Write out the entries verbatim and leave the images out of the copy.

Records supplied |
>>>
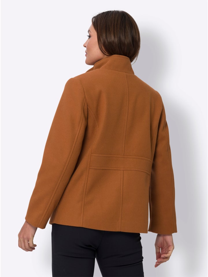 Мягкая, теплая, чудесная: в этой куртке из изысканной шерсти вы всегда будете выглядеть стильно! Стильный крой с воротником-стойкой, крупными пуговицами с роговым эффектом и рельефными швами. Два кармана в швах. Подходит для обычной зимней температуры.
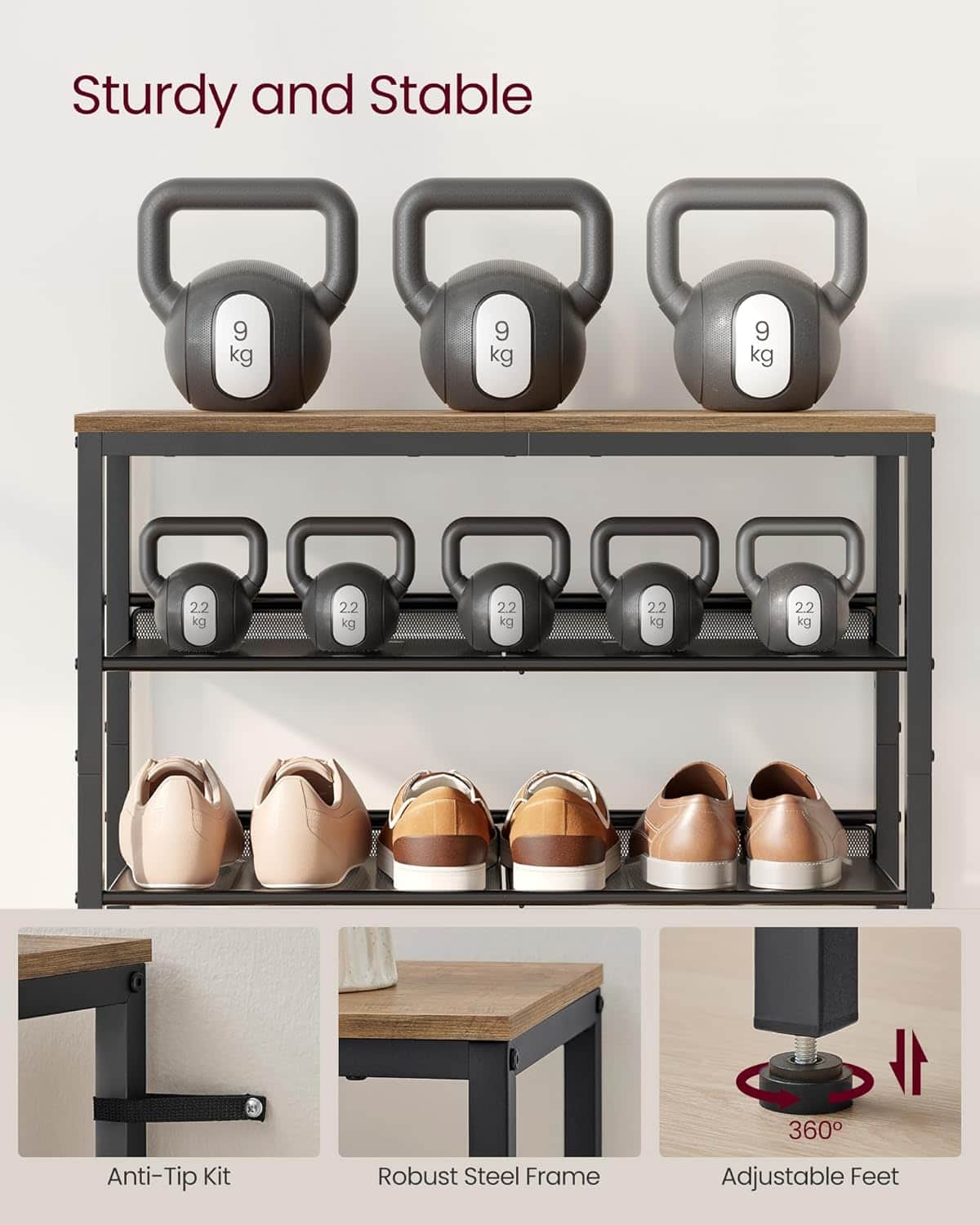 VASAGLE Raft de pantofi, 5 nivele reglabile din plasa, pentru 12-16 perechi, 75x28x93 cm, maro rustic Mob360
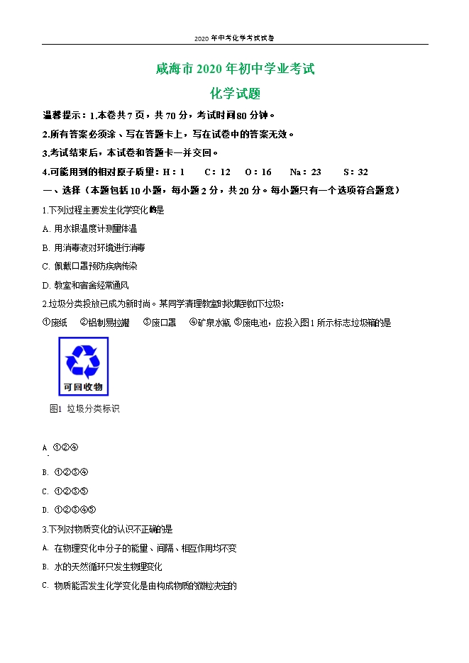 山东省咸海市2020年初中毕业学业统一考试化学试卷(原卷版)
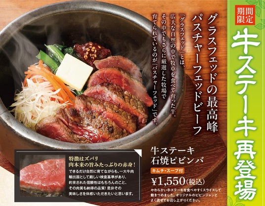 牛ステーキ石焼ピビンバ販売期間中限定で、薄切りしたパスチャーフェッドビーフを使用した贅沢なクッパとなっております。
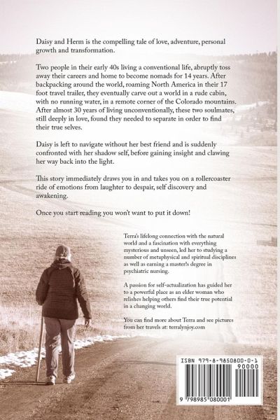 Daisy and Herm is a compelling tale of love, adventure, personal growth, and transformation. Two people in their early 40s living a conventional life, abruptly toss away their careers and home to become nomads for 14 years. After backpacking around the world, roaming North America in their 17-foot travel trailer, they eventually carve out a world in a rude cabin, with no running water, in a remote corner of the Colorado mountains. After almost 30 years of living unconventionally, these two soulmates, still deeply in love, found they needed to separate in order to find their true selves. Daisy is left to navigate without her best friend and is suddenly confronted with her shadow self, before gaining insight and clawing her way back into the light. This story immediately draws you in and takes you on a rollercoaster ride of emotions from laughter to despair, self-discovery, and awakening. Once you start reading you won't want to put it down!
<<<
Result for this task |
 Мягкая, теплая, чудесная: в этой куртке из изысканной шерсти вы всегда будете выглядеть стильно! Стильный крой с воротником-стойкой, крупными пуговицами с роговым эффектом и рельефными швами. Два кармана в швах. Подходит для обычной зимней температуры.
 VASAGLE Raft de pantofi, 5 nivele reglabile din plasa, pentru 12-16 perechi, 75x28x93 cm, maro rustic Mob360
 山东省咸海市2020年初中毕业学业统一考试化学试卷(原卷版)
 牛ステーキ石焼ピビンバ販売期間中限定で、薄切りしたパスチャーフェッドビーフを使用した贅沢なクッパとなっております。
 Daisy and Herm is a compelling tale of love, adventure, personal growth, and transformation. Two people in their early 40s living a conventional life, abruptly toss away their careers and home to become nomads for 14 years. After backpacking around the world, roaming North America in their 17-foot travel trailer, they eventually carve out a world in a rude cabin, with no running water, in a remote corner of the Colorado mountains. After almost 30 years of living unconventionally, these two soulmates, still deeply in love, found they needed to separate in order to find their true selves. Daisy is left to navigate without her best friend and is suddenly confronted with her shadow self, before gaining insight and clawing her way back into the light. This story immediately draws you in and takes you on a rollercoaster ride of emotions from laughter to despair, self-discovery, and awakening. Once you start reading you won't want to put it down!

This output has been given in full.